Глава 4
Материальная девушка
Что придется увольняться, мне стало совершенно ясно, как только я пересекла порог родимого гадюшника следующим утром. Еще лежа в кровати, я осознала, что работать под руководством Мудвина не представляется возможным. Вопрос, собственно, состоял не в том, что делать, а в том, как заставить себя встать с кровати. Вся моя с таким трудом выстроенная самостоятельная жизнь трещала по швам, а я лежала в кровати, слушала «Бухенвальдский набат» моего будильника и изобретала поводы, чтобы на работу не пойти.
«Что мне там делать?» – думала я, теребя пальцами ноги кошку, улегшуюся прямо мне на щиколотки. Если верить некоторым, кошки вот так бухаются только на тех, кому плохо, кому нужна срочная кошачья помощь. Мне нужна была реанимация, так мне не хотелось шевелиться и особенно думать. Чтобы жить – надо работать, это я за прошедший год усвоила четко. И существование без гроша в кармане мне не нравилось совершенно. Однако все-таки придется уволиться, потому что, только представьте, какими глазами теперь на меня все будут смотреть. Устроила безобразную сцену, вынесла сор из избы. В милицию побежала, дура.
«Не пойду!» – подумала я и перевернулась на другой бок.
«Чтобы уволиться, надо пойти на работу. Ты хочешь проблем?» – сказала я самой себе. Здравый смысл, а заодно неприятные воспоминания о блуждании по городу без денег заставляли сохранять объективность.
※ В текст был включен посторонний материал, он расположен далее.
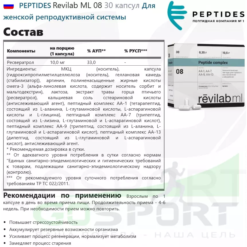 Состав PEPTIDES Revilab ML 08
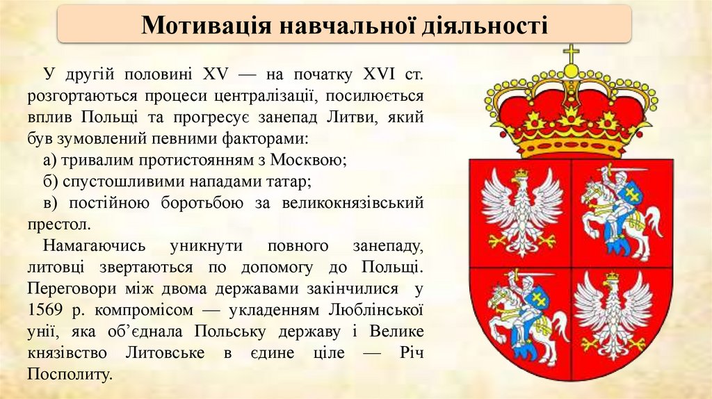 Тема урокуЛюблінська унія 1569 р. та її вплив
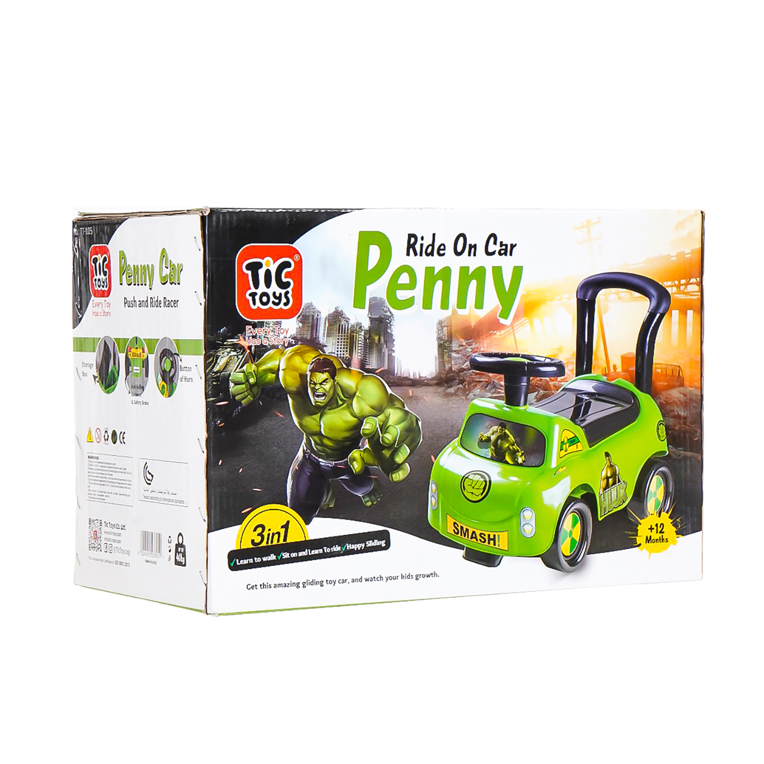 العلامة التجارية : تيك تويز النوع : زحافة اللون : أبيض الخامة : بلاستيك الفئة العمرية :أكبر من سنتين الفئة المستهدفة : للجنسين عدد القطع : 1 قطعة عن المنتج : تصميم واسع لهيكل السيارة مصمم بعناية فائقة بحجم ونسب مثالية ليوفر للأطفال تجربة قيادة أكثر راحة وأمانًا. يعزز التصميم القائم على الالتواء مرونة التوجيه وسلاسة الحركة، كما يساعد على تقوية عضلات الساق وتحسين القدرة على الحركة. يُقدم تعليم الحروف والأرقام من خلال موسيقى ممتعة، مما يجعل التعلم جزءًا ممتعًا من كل رحلة. يجمع بين الحركة والموسيقى والأضواء لتجربة لعب مسلية وغامرة. مصنوع من مواد آمنة للأطفال وهيكل ثابت لضمان رحلة آمنة في كل مرة. متين ليتحمل وزنًا يصل إلى 50 كجم، مما يجعله مناسبًا للأطفال. التحذيرات : أجزاء صغيرة، غير مناسبة للأطفال أقل من سنتين. يجب الابتعاد عن مصادر اللهب و أشعة الشمس وأي مؤثرات خارجية
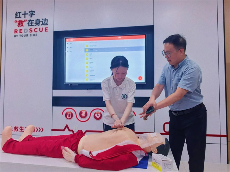 心肺復(fù)蘇術(shù)(CPR)是挽救心臟驟?;颊呱年P(guān)鍵技能。“心臟驟停后4分鐘內(nèi)是搶救的黃金時間,每延遲1分鐘,搶救成功率就下降7%-10%。”在急救技能培訓(xùn)區(qū),紅十字會師資的這句話讓在場學(xué)生都屏住了呼吸。接著,他們?yōu)橥瑢W(xué)們演示了標(biāo)準(zhǔn)的心肺復(fù)蘇操作流程——“發(fā)現(xiàn)有人倒地時,首先要確認(rèn)環(huán)境安全,輕拍雙肩大聲呼喚……”師資們一邊講解,一邊示范正確的按壓手法。同學(xué)們則紛紛上手實踐,認(rèn)真學(xué)習(xí)心肺復(fù)蘇的每一個步驟。從判斷患者意識和呼吸,到進(jìn)行胸外按壓和人工呼吸,通過“5-6厘米的按壓深度”和“每分鐘100-120次的按壓頻率”等關(guān)鍵要點,感受著按壓的力度和節(jié)奏。同學(xué)們在實操后意識到:心肺復(fù)蘇不僅是技術(shù),更是爭分奪秒與死神賽跑的勇氣。
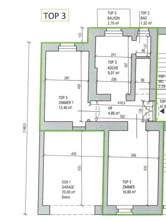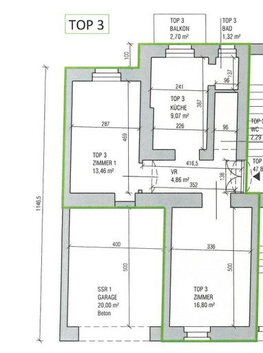 Die Wohnung befindet sich im Parterre und verfügt über 47,80 m²:
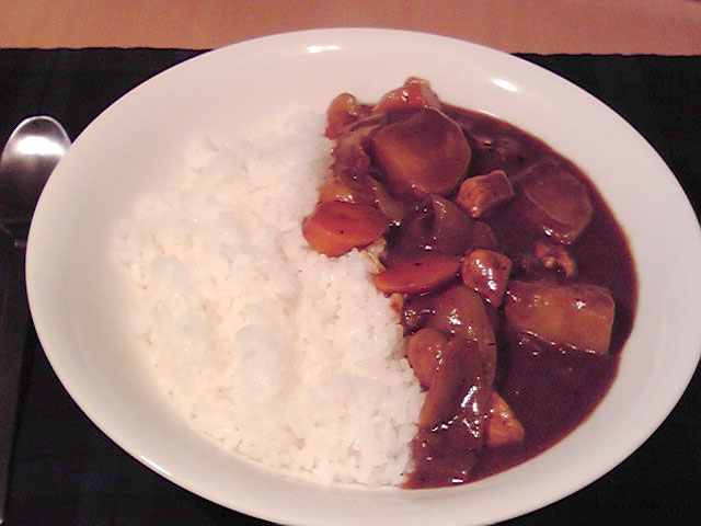 カレー粉はジャワとバーモント半々がベストですが、2片ずつ入れたところで、ちょっと足りない気がしたのでバーモントを1片追加。結果的には、ガラムマサラを入れたわりに甘めになったのは、玉ねぎの甘みなのかなぁ。もっと辛くていいかもと思いましたが、今回は大きめに切った野菜と角切りの肉、ホールのマッシュルームすべてが存在感がありました。

Проблем я не хотела, но, боюсь, они хотели, жаждали меня. Я выползла из-под одеяла, смахнув кошку, и поняла, что ко всему прочему у меня еще и мигрень. Головная боль наступала откуда-то изнутри, просочилась сквозь виски и словно разломила лицо напополам.
«О-о-о!» – простонала я, добравшись до кухни. Слава богу, никого из лиц иностранного происхождения в кухне не наблюдалось, я была одна. Только стиральная машинка крутила чьи-то вещи, надрывно гудя. Машинка у нас с Варечкой была старая, Ленина видавшая, на ладан дышащая. Странно было, что она до сих пор еще не развалилась, особенно учитывая, сколько людей стирало в ней свои запыленные одежды. Включая меня. Теперь я уже отлично справлялась со всей этой бытовухой, хотя, надо признать, так было не всегда.
* * *
Помню, когда я только появилась на Патриарших, Варечка поручила мне большую стирку. Она тогда еще не отдавала отчета в том, насколько я бесполезна, а я боялась ее разочаровать, так что старательно делала вид, что от меня может быть много пользы.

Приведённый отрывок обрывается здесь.